(Beginning of SUPPLIED RECORDS)

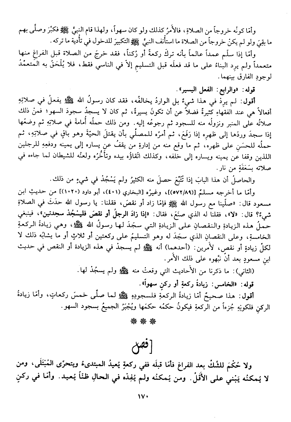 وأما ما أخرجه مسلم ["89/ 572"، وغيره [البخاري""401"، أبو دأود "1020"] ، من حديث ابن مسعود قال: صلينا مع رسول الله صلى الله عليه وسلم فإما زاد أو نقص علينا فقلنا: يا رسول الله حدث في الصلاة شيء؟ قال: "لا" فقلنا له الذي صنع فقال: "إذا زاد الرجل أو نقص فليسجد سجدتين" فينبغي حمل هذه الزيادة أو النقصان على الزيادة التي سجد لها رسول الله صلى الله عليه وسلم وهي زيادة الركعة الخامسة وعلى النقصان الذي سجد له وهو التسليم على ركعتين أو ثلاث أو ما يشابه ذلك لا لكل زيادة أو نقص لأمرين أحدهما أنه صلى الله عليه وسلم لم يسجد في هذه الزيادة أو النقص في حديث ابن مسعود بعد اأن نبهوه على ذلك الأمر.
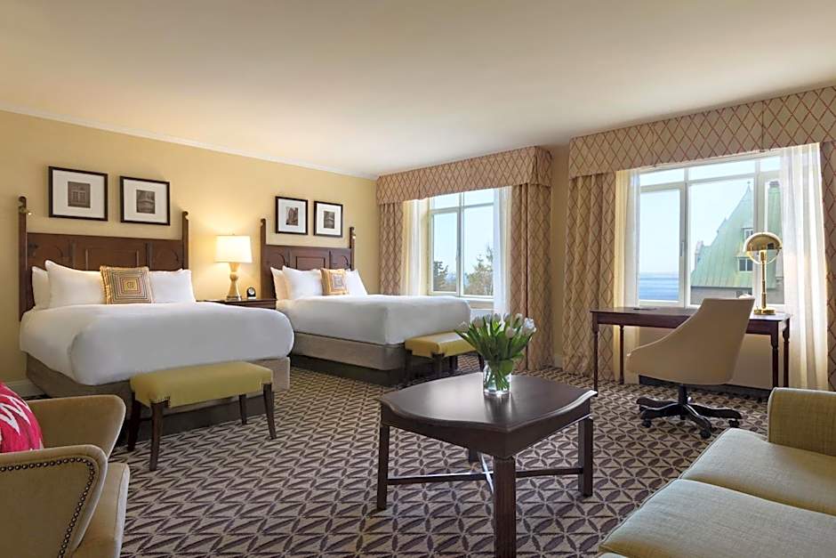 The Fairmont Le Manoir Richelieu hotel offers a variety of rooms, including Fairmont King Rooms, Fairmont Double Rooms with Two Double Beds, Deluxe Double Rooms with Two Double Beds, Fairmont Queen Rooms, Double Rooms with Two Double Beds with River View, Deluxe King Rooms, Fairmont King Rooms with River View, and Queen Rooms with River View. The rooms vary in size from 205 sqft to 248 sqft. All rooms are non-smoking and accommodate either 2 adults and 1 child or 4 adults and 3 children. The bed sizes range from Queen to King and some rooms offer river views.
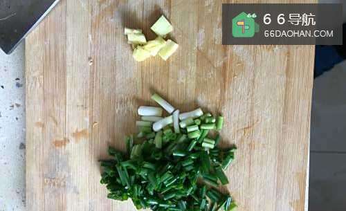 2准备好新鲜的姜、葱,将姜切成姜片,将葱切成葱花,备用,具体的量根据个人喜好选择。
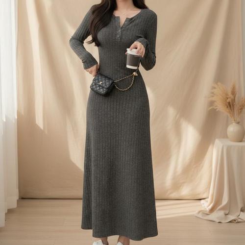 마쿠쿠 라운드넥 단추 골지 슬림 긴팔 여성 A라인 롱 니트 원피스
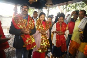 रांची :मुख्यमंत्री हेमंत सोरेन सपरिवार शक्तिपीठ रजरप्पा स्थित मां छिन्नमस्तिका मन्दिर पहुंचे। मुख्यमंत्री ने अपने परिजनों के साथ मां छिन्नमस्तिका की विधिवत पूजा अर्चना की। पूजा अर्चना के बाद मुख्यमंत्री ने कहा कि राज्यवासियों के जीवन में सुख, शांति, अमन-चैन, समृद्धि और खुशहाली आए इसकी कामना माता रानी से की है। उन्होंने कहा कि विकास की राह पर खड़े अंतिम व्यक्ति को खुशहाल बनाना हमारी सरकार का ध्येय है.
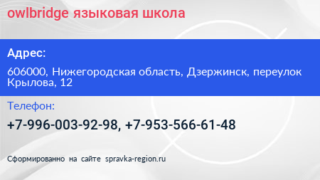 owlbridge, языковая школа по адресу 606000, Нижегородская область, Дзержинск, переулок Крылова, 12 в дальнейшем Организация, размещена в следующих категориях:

(End of SUPPLIED RECORDS)
(Beginning of SUPPLIED RECORDS)

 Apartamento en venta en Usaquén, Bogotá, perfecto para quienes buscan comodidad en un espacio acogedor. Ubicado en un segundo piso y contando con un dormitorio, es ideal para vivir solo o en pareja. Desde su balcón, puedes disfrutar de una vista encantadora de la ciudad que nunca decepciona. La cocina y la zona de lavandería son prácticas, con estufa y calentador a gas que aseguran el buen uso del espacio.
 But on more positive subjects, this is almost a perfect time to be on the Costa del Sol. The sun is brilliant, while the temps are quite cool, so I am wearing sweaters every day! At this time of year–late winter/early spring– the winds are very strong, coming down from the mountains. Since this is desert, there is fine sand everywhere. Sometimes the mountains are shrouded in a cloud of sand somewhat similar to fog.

(End of SUPPLIED RECORDS)
(Beginning of SUPPLIED RECORDS)

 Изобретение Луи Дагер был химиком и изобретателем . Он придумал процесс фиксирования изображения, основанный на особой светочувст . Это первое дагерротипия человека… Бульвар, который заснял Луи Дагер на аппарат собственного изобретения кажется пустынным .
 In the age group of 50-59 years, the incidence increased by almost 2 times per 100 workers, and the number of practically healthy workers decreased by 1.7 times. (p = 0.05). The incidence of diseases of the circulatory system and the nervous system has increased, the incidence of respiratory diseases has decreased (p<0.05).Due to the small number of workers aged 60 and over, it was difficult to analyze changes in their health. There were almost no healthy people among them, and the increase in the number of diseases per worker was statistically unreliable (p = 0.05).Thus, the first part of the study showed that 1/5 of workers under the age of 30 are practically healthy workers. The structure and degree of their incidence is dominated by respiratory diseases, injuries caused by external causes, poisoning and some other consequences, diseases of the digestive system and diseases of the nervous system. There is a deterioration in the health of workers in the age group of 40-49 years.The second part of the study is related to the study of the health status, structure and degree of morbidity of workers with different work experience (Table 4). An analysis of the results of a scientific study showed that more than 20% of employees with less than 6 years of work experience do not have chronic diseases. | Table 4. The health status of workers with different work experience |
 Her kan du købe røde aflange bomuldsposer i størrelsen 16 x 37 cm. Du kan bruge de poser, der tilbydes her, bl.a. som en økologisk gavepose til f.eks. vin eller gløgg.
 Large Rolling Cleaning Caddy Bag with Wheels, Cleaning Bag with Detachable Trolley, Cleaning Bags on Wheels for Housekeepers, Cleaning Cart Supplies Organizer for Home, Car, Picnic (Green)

(End of SUPPLIED RECORDS)

Exactly reproduce the lines above, starting at the one that contains "रांची :मुख्यमंत्री हेमंत" and ending at the one that contains "owlbridge, языковая школа", both inclusive; leave the pictures out and add no other lines.

▶ ANSWER:
 रांची :मुख्यमंत्री हेमंत सोरेन सपरिवार शक्तिपीठ रजरप्पा स्थित मां छिन्नमस्तिका मन्दिर पहुंचे। मुख्यमंत्री ने अपने परिजनों के साथ मां छिन्नमस्तिका की विधिवत पूजा अर्चना की। पूजा अर्चना के बाद मुख्यमंत्री ने कहा कि राज्यवासियों के जीवन में सुख, शांति, अमन-चैन, समृद्धि और खुशहाली आए इसकी कामना माता रानी से की है। उन्होंने कहा कि विकास की राह पर खड़े अंतिम व्यक्ति को खुशहाल बनाना हमारी सरकार का ध्येय है.
 owlbridge, языковая школа по адресу 606000, Нижегородская область, Дзержинск, переулок Крылова, 12 в дальнейшем Организация, размещена в следующих категориях:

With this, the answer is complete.